Cancer Publication Portal: Identifying Gene-Cancer Associations from Biomedical Literature

Presenter: Michael Gargano

Research Category: Interdisciplinary Topics, Centers and Institutes
Student Type: Graduate
PI: Garrett Dancik
Award Winner Category: Interdisciplinary Topics

We describe a web application interface capable of summarizing the gene-cancer associations in PubMed, an online database of biomedical research articles, with exponential growth of gene-related cancer articles in the past 15 years. Cancer is a deadly genetic disease where gene mutations result in abnormal cellular functions. Mutations may include substitutions of one base by another, insertions or deletions of varying sizes, or DNA rearrangements.
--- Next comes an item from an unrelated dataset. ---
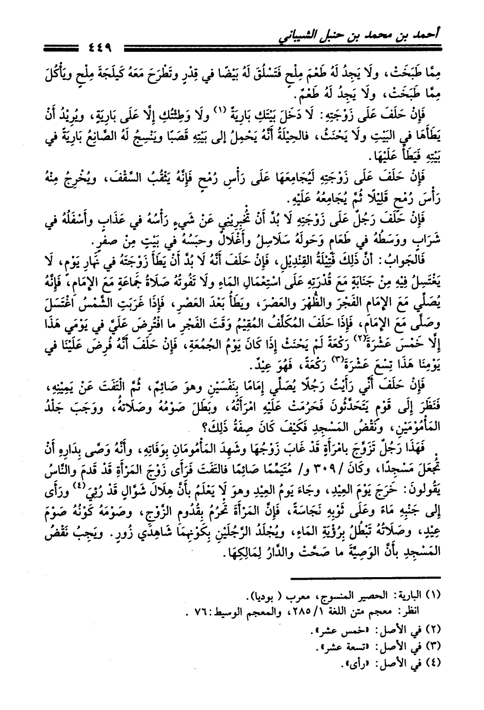 فَهَذَا رَجُلٌ تَزَوَّجَ بامْرَأَةٍ قَدْ غَابَ زَوْجُهَا وشَهِدَ المَأْمُومَانِ بِوَفَاتِهِ، وأَنَّهُ وَصَّى بِدَارِهِ أَنْ تُجْعَلَ مَسْجِداً، وكَانَ /309 و/ مُتَيَمِّماً صَائِماً فالتَفَتَ فَرَأَى زَوْجَ المَرْأَةِ قَدْ قَدمَ والنَّاسُ يَقُولونَ: خَرَجَ يَوْمَ العِيْدِ، وجَاءَ يَومُ العِيْدِ وهوَ لاَ يَعْلَمُ بأَنَّ هِلاَلَ شَوَّالٍ قَدْ رُئِيَ (¬4) ورَأَى إِلى جَنْبِهِ مَاءً وعَلَى ثَوْبِهِ نَجَاسَةً، فَإِنَّ المَرْأَةَ تَحْرُمُ بِقُدُومِ الزَّوْجِ، وصَوْمَهُ كَوْنُهُ صَوْمَ عِيْدٍ، وصَلاَتُهُ تَبْطُلُ بِرُؤْيَةِ المَاءِ، ويُجْلَدُ الرَّجُلَيْنِ بِكَوْنِهِمَا شَاهِدَي زُورٍ. ويَجِبُ نَقْضُ المَسْجِدِ بأَنَّ الوَصِيَّةَ ما صَحَّتْ والدَّارُ لِمَالِكِهَا.

Often, gene expression is drastically effected by these mutations which can drive abnormal cell activity. This research incorporates a two-step approach for summarizing associations between genes and tumor types. The first integral step involves collecting, parsing, and interpreting PubMed data for five cancer types, by using the scripting language Python, the statistical programming language R, and the database program MongoDB. The second step involves developing a web application (the Cancer Publication Portal) for reporting the most commonly studied genes across tumor types, identifying genes that have been studied in a tumor-specific way, and allowing a user to query specific genes. Overall, this work provides a useful summary of genes and their association with tumors.